[Start of Attachment]

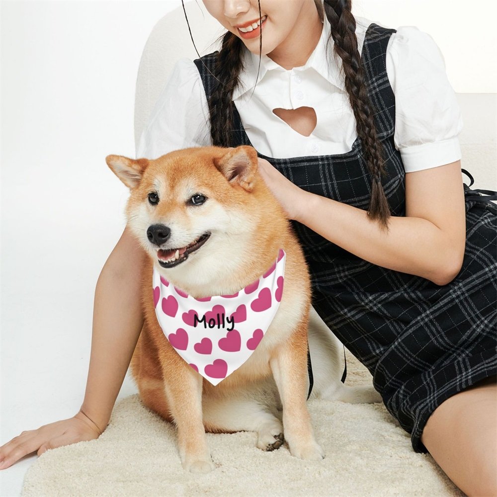 This charming bandana is designed with a vibrant and eye-catching love heart pattern, available in three colours, perfect for adding a pop of colour and style to your furry friend's wardrobe. You also can Personalise your pet's name in it, customizable on both sides. Let your pet strut their stuff in this fashionable accessory that will surely make heads turn at the park or on Valentine's Day!
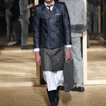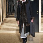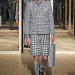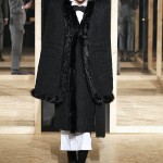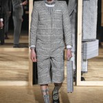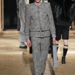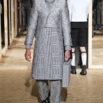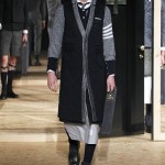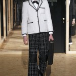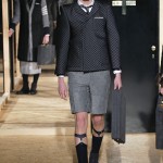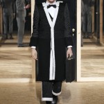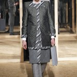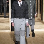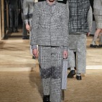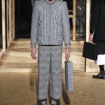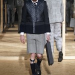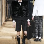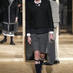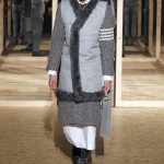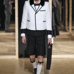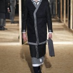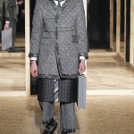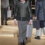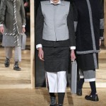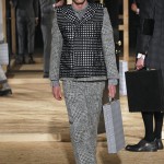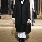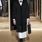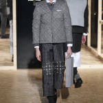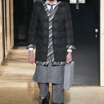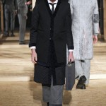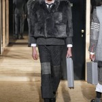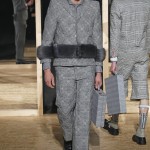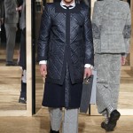 Les manteaux et vestes à col cranté sont réinterprétés géométriquement et les mélanges de matières et de textures sont nombreux chez Thom Browne : cuir, fourrure, laine, tissus matelassés, prince de Galles que l’on trouve sur manteaux, veste de costumes et capes.
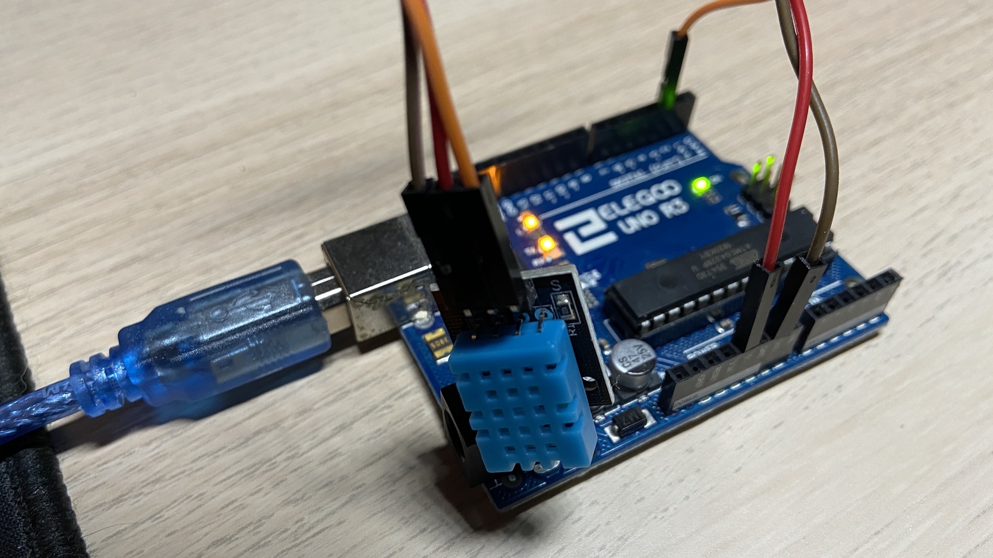 Note that the sensor has 4 output pins, although the breakout board I got only has 3 (the reason being the pin 3 of DHT11 is not connected to anything - don’t ask me why).
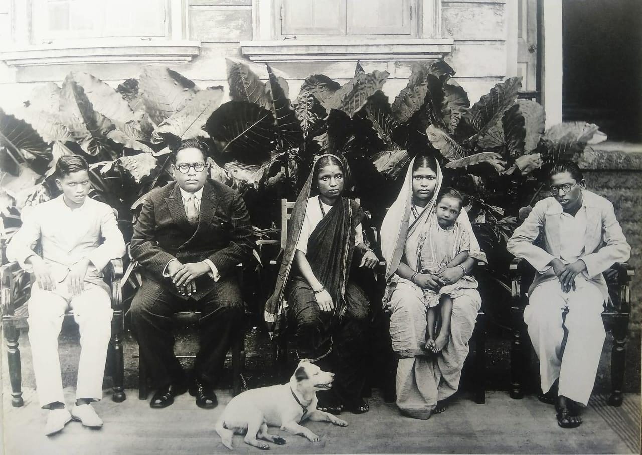 Let us meet Tobby first. There are two accounts related to him or her. On the one hand, it is generally suggested that this fox terrier dog named Tobby stayed with Dr. Ambedkar at Rajgruha during the late 1920s and early 1930s. We can even find the picture of this dog in the family photo of Dr. Ambedkar in 1934, which I share below:
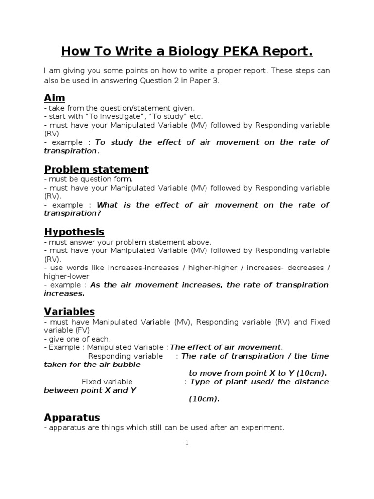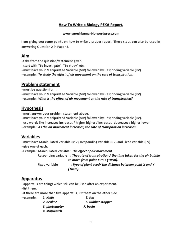 How o Write A Biology Peka Report | PDF | Experiment | Laboratories
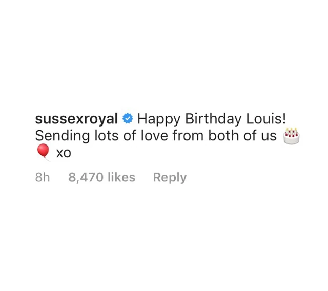 Meghan Markle és Harry herceg extracuki kommentet fűzött a Lajos hercegről készült kép alá
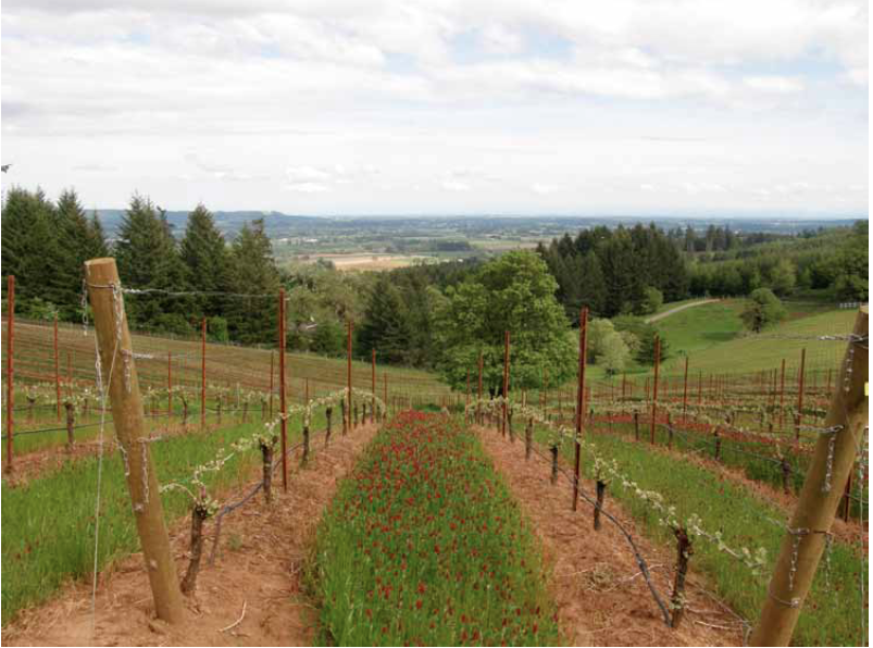southwestern corner of the Yamhill-Carlton District. The vineyard contains both sedimentary (65%) and Jory
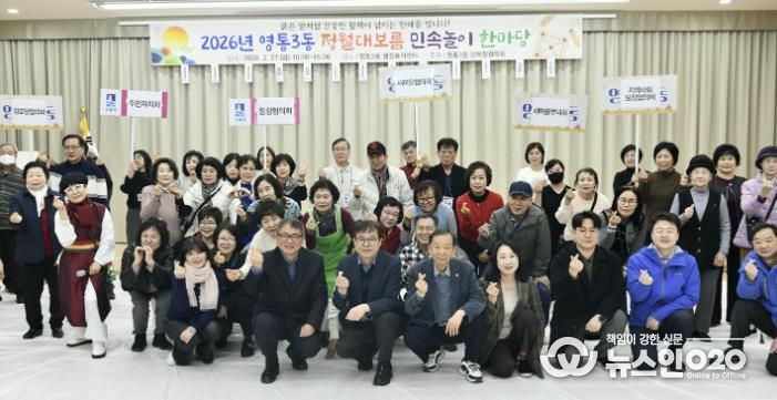 (뉴스인020 = 김성길 기자) 영통구 영통 3동은 지난 27일 영통3동 단체장협의회가 영통3동 행정복지센터에서 “2026년 영통3동 정월대보름맞이 민속놀이 한마당”을 성황리에 개최했다고 밝혔다.
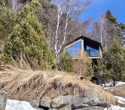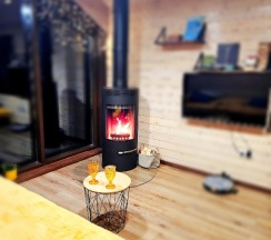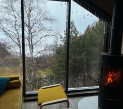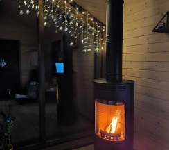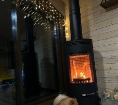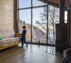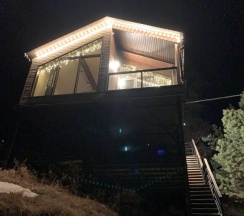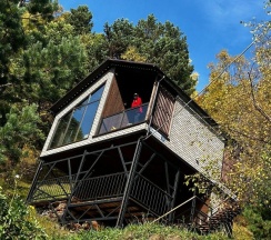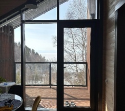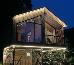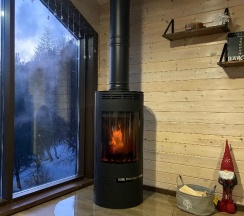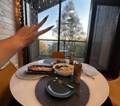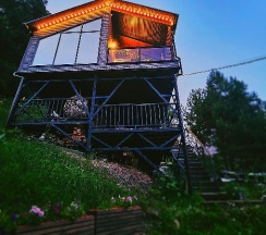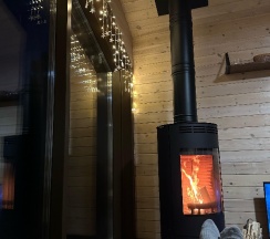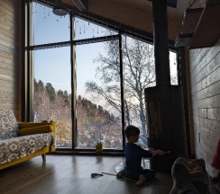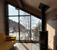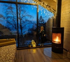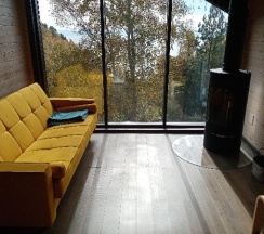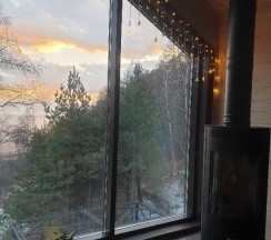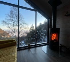 Потрясающий домик! Окна в пол меня поразили… Теплая печка, мягкие кровати, удобная маленькая кухня, уютные комнаты. Вид из окна в люое время прекрасен. Ночью очень хорошо наблюдать за звезламт с балкона. Домик расположен на горе, поэтому можно как посидеть в тишине, так и повселиться на славу. Однлзначно советую 👍🏻
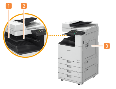 您可同時安裝內置式雙向紙盤-M和影本紙盤-T,以新增額外的輸出紙盤。若想在各種功能(例如影印、列印及傳真功能)使用不同輸出紙盤,這非常方便。
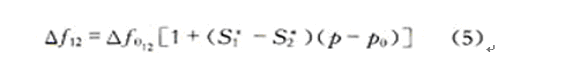 當傳感器表面有壓力作用時,無線SAW壓力傳感器的壓電薄膜就會產(chǎn)生形變,薄膜材料的應變會使得聲表面波傳播速度發(fā)生變化,從而使聲表面波的中心諧振頻率發(fā)生變化。通過無線檢測SAW壓力傳感器的中心諧振頻率變化,就能得到壓力變化的數(shù)據(jù)。假設(shè)溫度對兩個單端諧振器的中心諧振頻率影響很小,則兩諧振器中心頻率差的變化與所測壓力之間的關(guān)系式可表示為
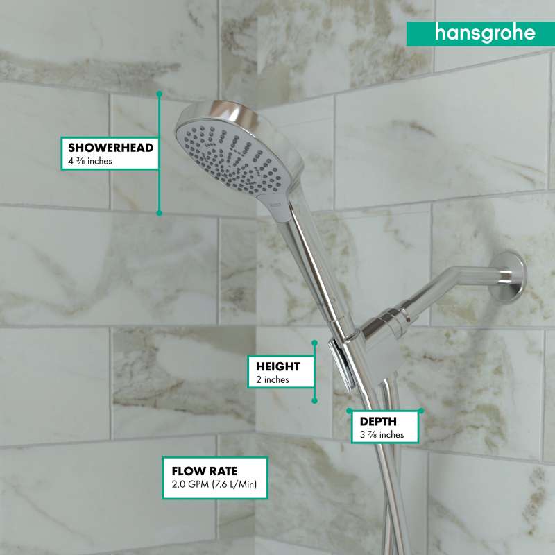 • EASY INSTALLATION: hansgrohe handshowers are easy to install, simply take your old showerhead or handshower off and replace it with your new one. If replacing a showerhead, a hose and showerarm mount are required.

[End of Attachment]

#### Task
Repeat the listing above verbatim, but exclude the pictures it contains.

#### Exercise result
 This charming bandana is designed with a vibrant and eye-catching love heart pattern, available in three colours, perfect for adding a pop of colour and style to your furry friend's wardrobe. You also can Personalise your pet's name in it, customizable on both sides. Let your pet strut their stuff in this fashionable accessory that will surely make heads turn at the park or on Valentine's Day!
 Les manteaux et vestes à col cranté sont réinterprétés géométriquement et les mélanges de matières et de textures sont nombreux chez Thom Browne : cuir, fourrure, laine, tissus matelassés, prince de Galles que l’on trouve sur manteaux, veste de costumes et capes.
 Note that the sensor has 4 output pins, although the breakout board I got only has 3 (the reason being the pin 3 of DHT11 is not connected to anything - don’t ask me why).
 Let us meet Tobby first. There are two accounts related to him or her. On the one hand, it is generally suggested that this fox terrier dog named Tobby stayed with Dr. Ambedkar at Rajgruha during the late 1920s and early 1930s. We can even find the picture of this dog in the family photo of Dr. Ambedkar in 1934, which I share below:
 How o Write A Biology Peka Report | PDF | Experiment | Laboratories
 Meghan Markle és Harry herceg extracuki kommentet fűzött a Lajos hercegről készült kép alá
southwestern corner of the Yamhill-Carlton District. The vineyard contains both sedimentary (65%) and Jory
 (뉴스인020 = 김성길 기자) 영통구 영통 3동은 지난 27일 영통3동 단체장협의회가 영통3동 행정복지센터에서 “2026년 영통3동 정월대보름맞이 민속놀이 한마당”을 성황리에 개최했다고 밝혔다.
 Потрясающий домик! Окна в пол меня поразили… Теплая печка, мягкие кровати, удобная маленькая кухня, уютные комнаты. Вид из окна в люое время прекрасен. Ночью очень хорошо наблюдать за звезламт с балкона. Домик расположен на горе, поэтому можно как посидеть в тишине, так и повселиться на славу. Однлзначно советую 👍🏻
 您可同時安裝內置式雙向紙盤-M和影本紙盤-T,以新增額外的輸出紙盤。若想在各種功能(例如影印、列印及傳真功能)使用不同輸出紙盤,這非常方便。
 當傳感器表面有壓力作用時,無線SAW壓力傳感器的壓電薄膜就會產(chǎn)生形變,薄膜材料的應變會使得聲表面波傳播速度發(fā)生變化,從而使聲表面波的中心諧振頻率發(fā)生變化。通過無線檢測SAW壓力傳感器的中心諧振頻率變化,就能得到壓力變化的數(shù)據(jù)。假設(shè)溫度對兩個單端諧振器的中心諧振頻率影響很小,則兩諧振器中心頻率差的變化與所測壓力之間的關(guān)系式可表示為
 • EASY INSTALLATION: hansgrohe handshowers are easy to install, simply take your old showerhead or handshower off and replace it with your new one. If replacing a showerhead, a hose and showerarm mount are required.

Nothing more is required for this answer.